■ **DIRECTIONS**: Each entry should be repeated exactly. Its pictures should not be.

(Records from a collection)
§

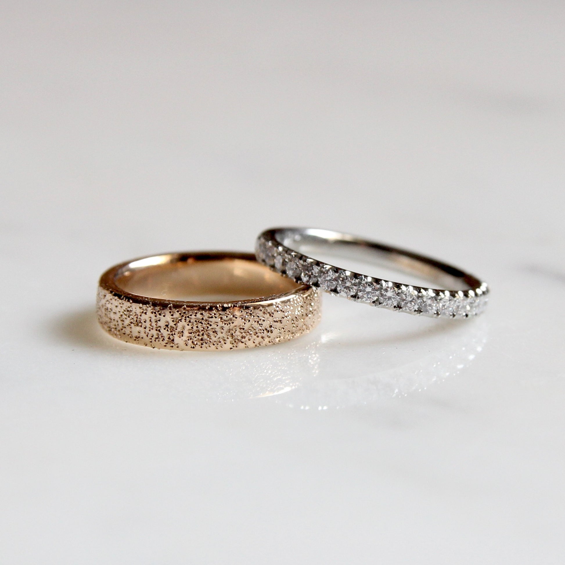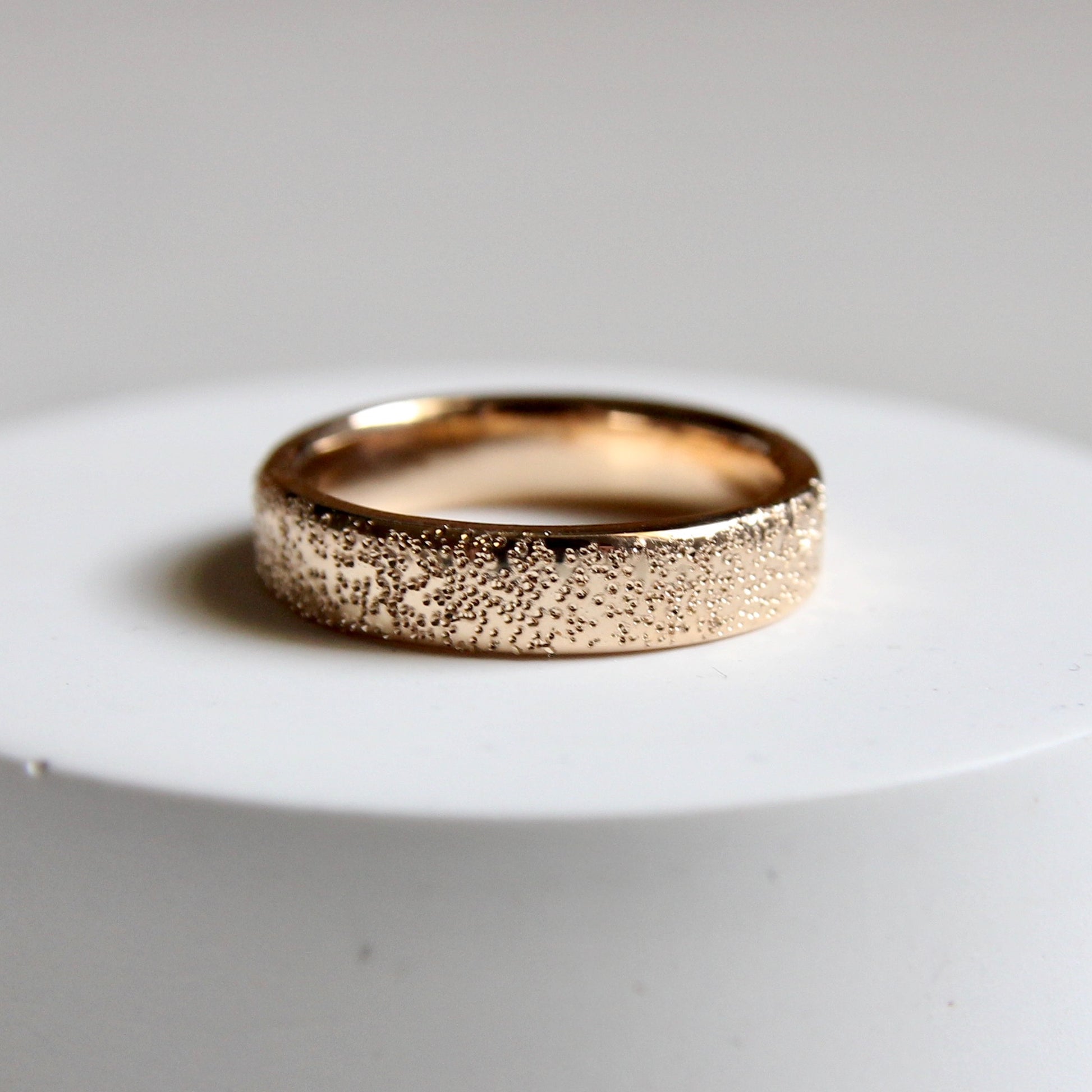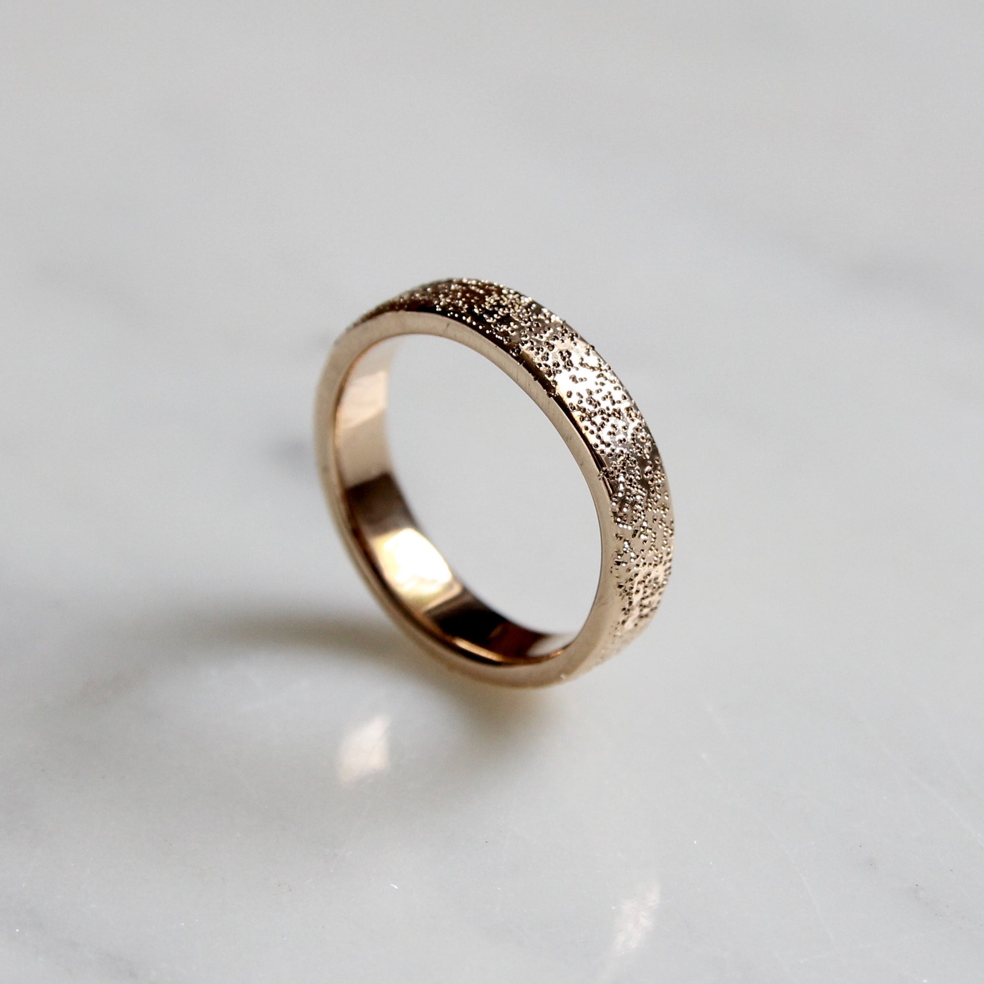 This classic band features our signature Stardust texture. It's the perfect textural solid gold ring. 4mm wide and made to order in solid 14k gold.
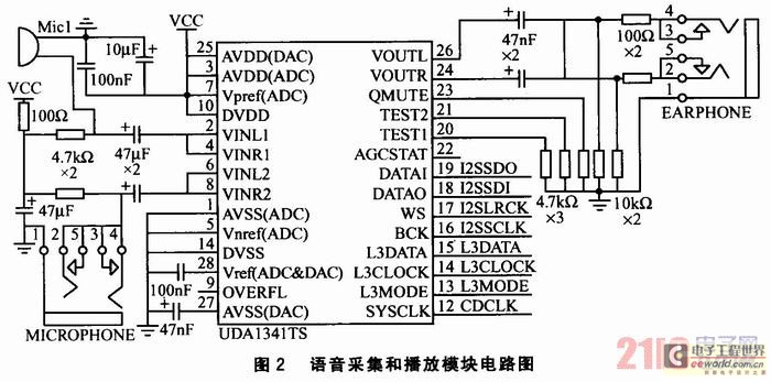 語音采集和播放模塊的作用是將音頻模擬信號轉換為數字信號,并對信號進行PCM編碼。其電路如圖2所示。采用Philips公司的UDA1341 TS型立體聲音頻CODEC進行音頻編解碼。該芯片提供2個麥克風輸入,可實現單端輸入、差分輸入等靈活配置,并設置了可編程增益放大器和自動增益控制器,可保證高質量的音頻獲;同時,還集成了聽筒和喇叭輸出的驅動器,喇叭音量可以通過編程調整。S3C2440A-40微處理器與UDA1341TS編解碼器通過I2S總線直接相連,并采用DMA發(fā)送/接收方式,完成系統的錄音和放音。
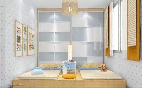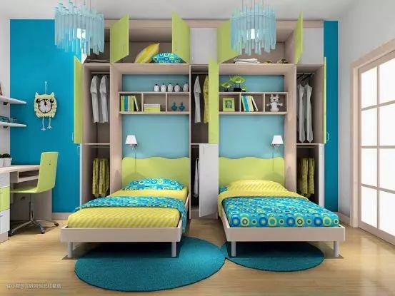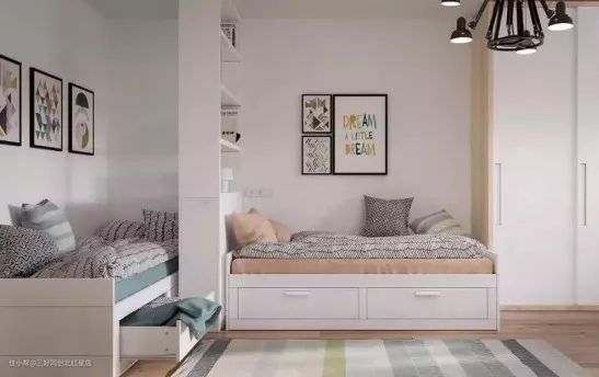 平放式放置两张单人床,中间放置书柜或者书桌进行隔断,增加了收纳空间,孩子的书本文具等学习用品有地可放。但是对空间面积有一定的要求。
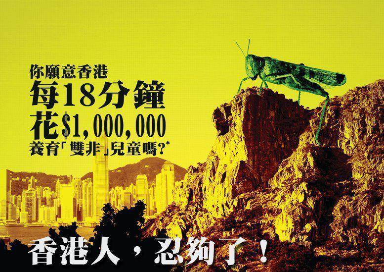 2012年2月1日,某香港網站論壇用户在黎智英旗下的《蘋果日報》刊登了一整版廣告,一隻碩大的綠色蝗蟲爬上香港獅子山,俯視着維多利亞港灣,並配以這樣的文字:“你願意香港每18分鐘花100萬元養育‘雙非’兒童[14]嗎?”,“因為明白你們受毒奶粉所害,所以容忍你們來搶購奶粉;因為明白你們沒有自由,所以招待你們來港‘自由行’;因為明白你們教育落後,所以分享了教育資源給你們;因為了解你們看不懂正體字[15],所以下面用了殘體字[16]:‘來香港請尊重本地文化,要不是香港你們全完蛋了’”。而廣告的主標題是:“香港人,忍夠了!”
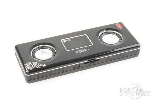 将音箱取出后,我们看到音箱主单元由两枚大约一寸的碗盆全频单元组成,正面有信息显示液晶屏,左下角及中部有祥云图案。与外包装一样,右上角注明了“珍藏版字样”。
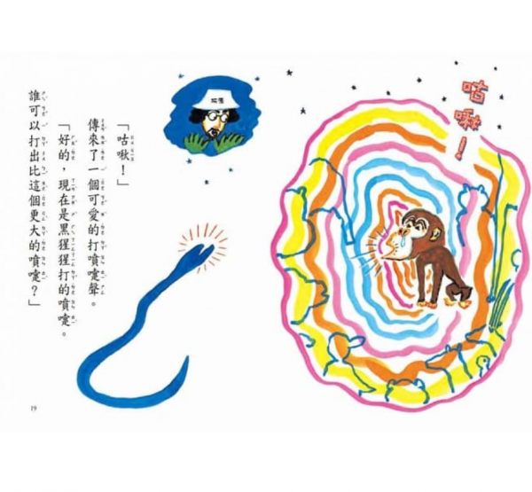 星期六的動物園,一大早就好像要下雨了。 為了參加「打噴嚏大賽」, 動物園裡的動物竟然故意淋雨,讓自己感冒, 小象甚至一直在噴水池前淋浴。 保育員阿原好擔心…… 半夜的廣場上聚集了好多動物,阿原躲在一旁偷看, 由蛇當裁判,大家一一上場,鸚鵡與黃鶯竟然唱起歌來、貓熊卻表演滾圈圈,獅子也不是打噴嚏,而是放臭得要命的屁…… 到底這次打噴嚏大賽的冠軍會是誰呢? 結果一定會讓你意想不到!
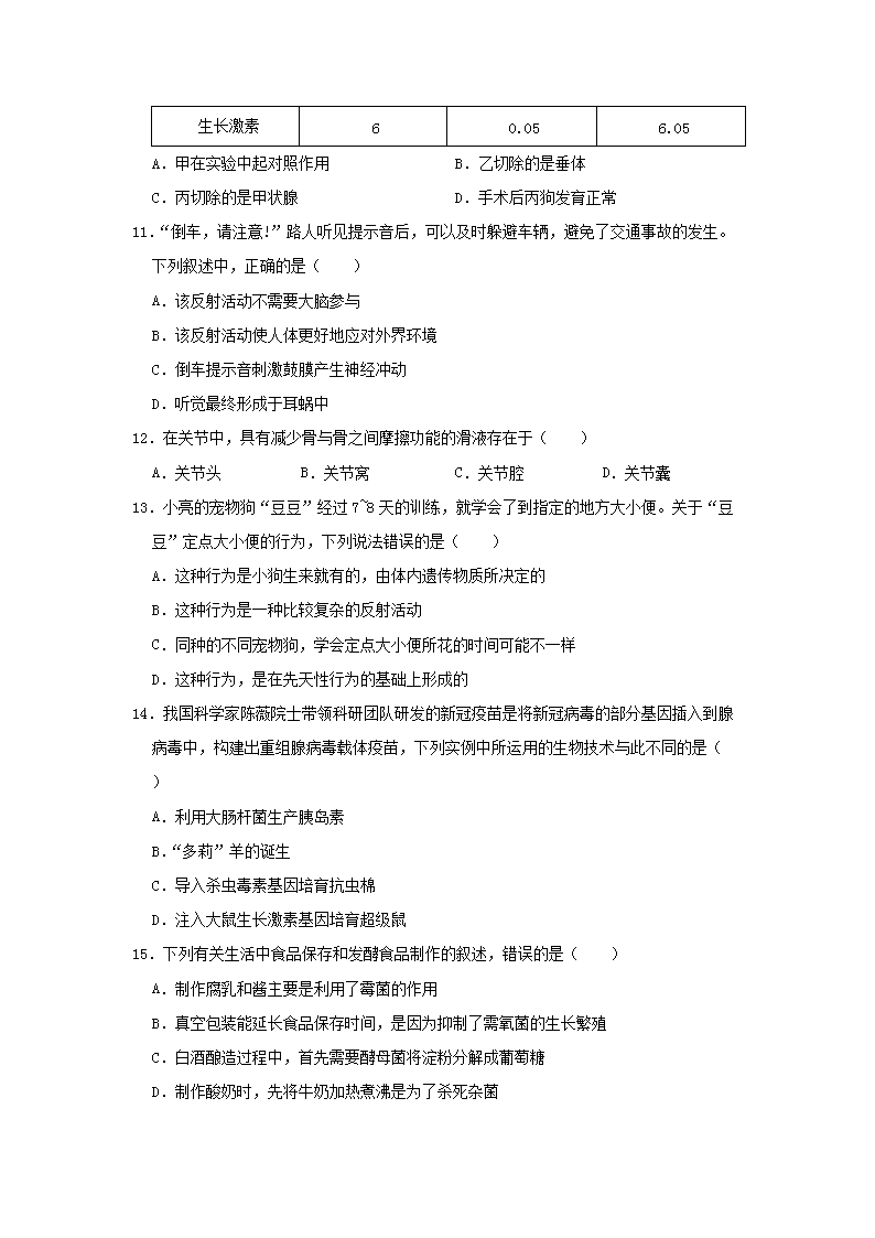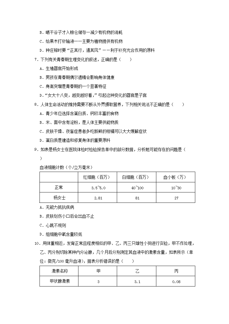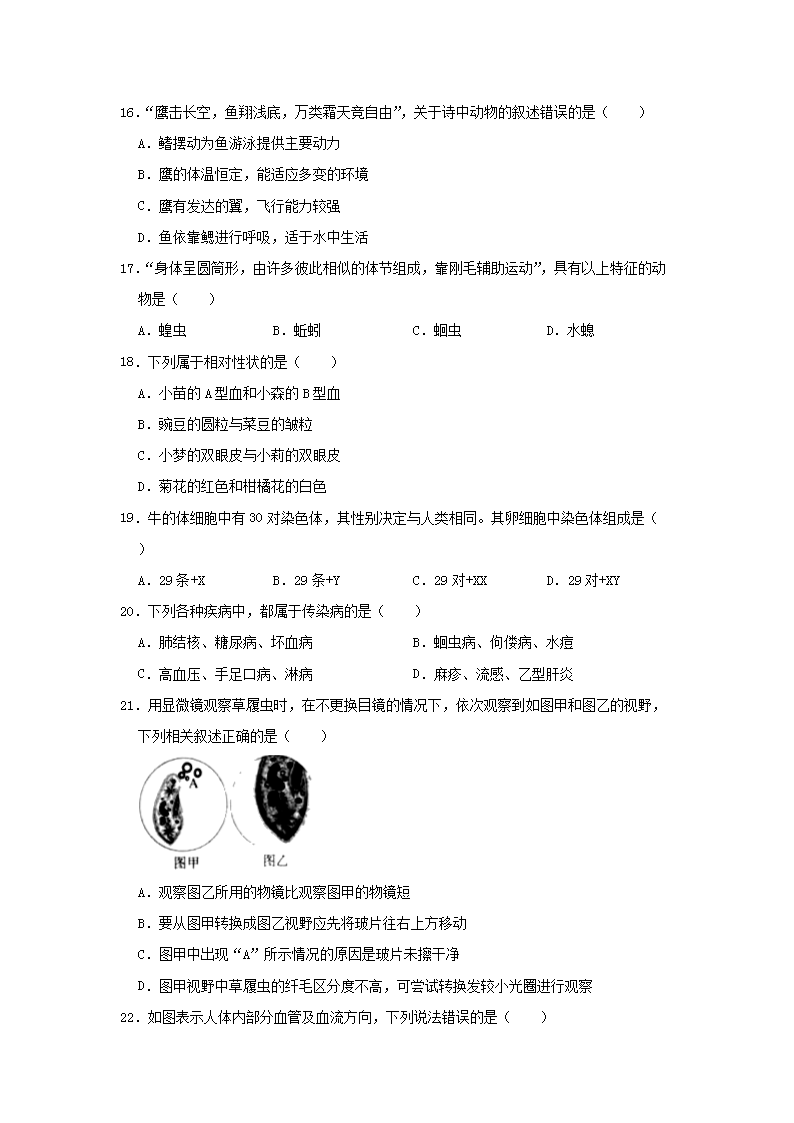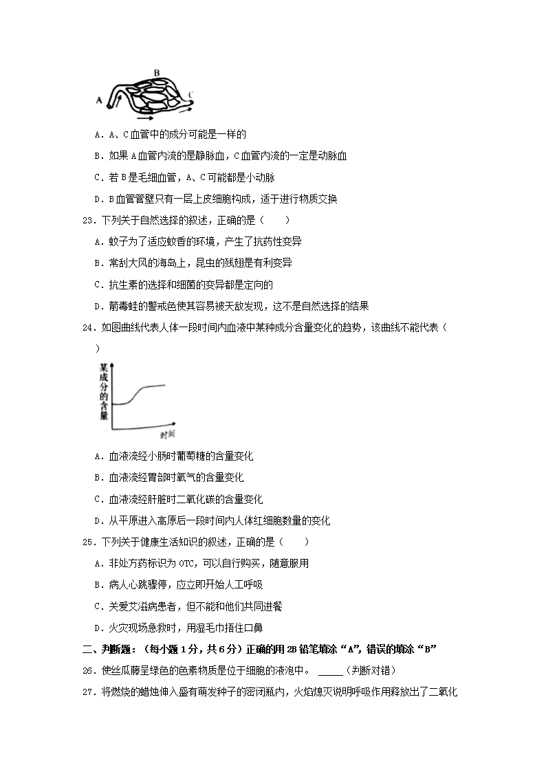 【文档名称】 2021年湖南湘潭中考生物真题及答案(Word版).doc

§

■ **RESPONSE BOX**:
 This classic band features our signature Stardust texture. It's the perfect textural solid gold ring. 4mm wide and made to order in solid 14k gold.
 語音采集和播放模塊的作用是將音頻模擬信號轉換為數字信號,并對信號進行PCM編碼。其電路如圖2所示。采用Philips公司的UDA1341 TS型立體聲音頻CODEC進行音頻編解碼。該芯片提供2個麥克風輸入,可實現單端輸入、差分輸入等靈活配置,并設置了可編程增益放大器和自動增益控制器,可保證高質量的音頻獲;同時,還集成了聽筒和喇叭輸出的驅動器,喇叭音量可以通過編程調整。S3C2440A-40微處理器與UDA1341TS編解碼器通過I2S總線直接相連,并采用DMA發(fā)送/接收方式,完成系統的錄音和放音。
 平放式放置两张单人床,中间放置书柜或者书桌进行隔断,增加了收纳空间,孩子的书本文具等学习用品有地可放。但是对空间面积有一定的要求。
 2012年2月1日,某香港網站論壇用户在黎智英旗下的《蘋果日報》刊登了一整版廣告,一隻碩大的綠色蝗蟲爬上香港獅子山,俯視着維多利亞港灣,並配以這樣的文字:“你願意香港每18分鐘花100萬元養育‘雙非’兒童[14]嗎?”,“因為明白你們受毒奶粉所害,所以容忍你們來搶購奶粉;因為明白你們沒有自由,所以招待你們來港‘自由行’;因為明白你們教育落後,所以分享了教育資源給你們;因為了解你們看不懂正體字[15],所以下面用了殘體字[16]:‘來香港請尊重本地文化,要不是香港你們全完蛋了’”。而廣告的主標題是:“香港人,忍夠了!”
 将音箱取出后,我们看到音箱主单元由两枚大约一寸的碗盆全频单元组成,正面有信息显示液晶屏,左下角及中部有祥云图案。与外包装一样,右上角注明了“珍藏版字样”。
 星期六的動物園,一大早就好像要下雨了。 為了參加「打噴嚏大賽」, 動物園裡的動物竟然故意淋雨,讓自己感冒, 小象甚至一直在噴水池前淋浴。 保育員阿原好擔心…… 半夜的廣場上聚集了好多動物,阿原躲在一旁偷看, 由蛇當裁判,大家一一上場,鸚鵡與黃鶯竟然唱起歌來、貓熊卻表演滾圈圈,獅子也不是打噴嚏,而是放臭得要命的屁…… 到底這次打噴嚏大賽的冠軍會是誰呢? 結果一定會讓你意想不到!
 【文档名称】 2021年湖南湘潭中考生物真题及答案(Word版).doc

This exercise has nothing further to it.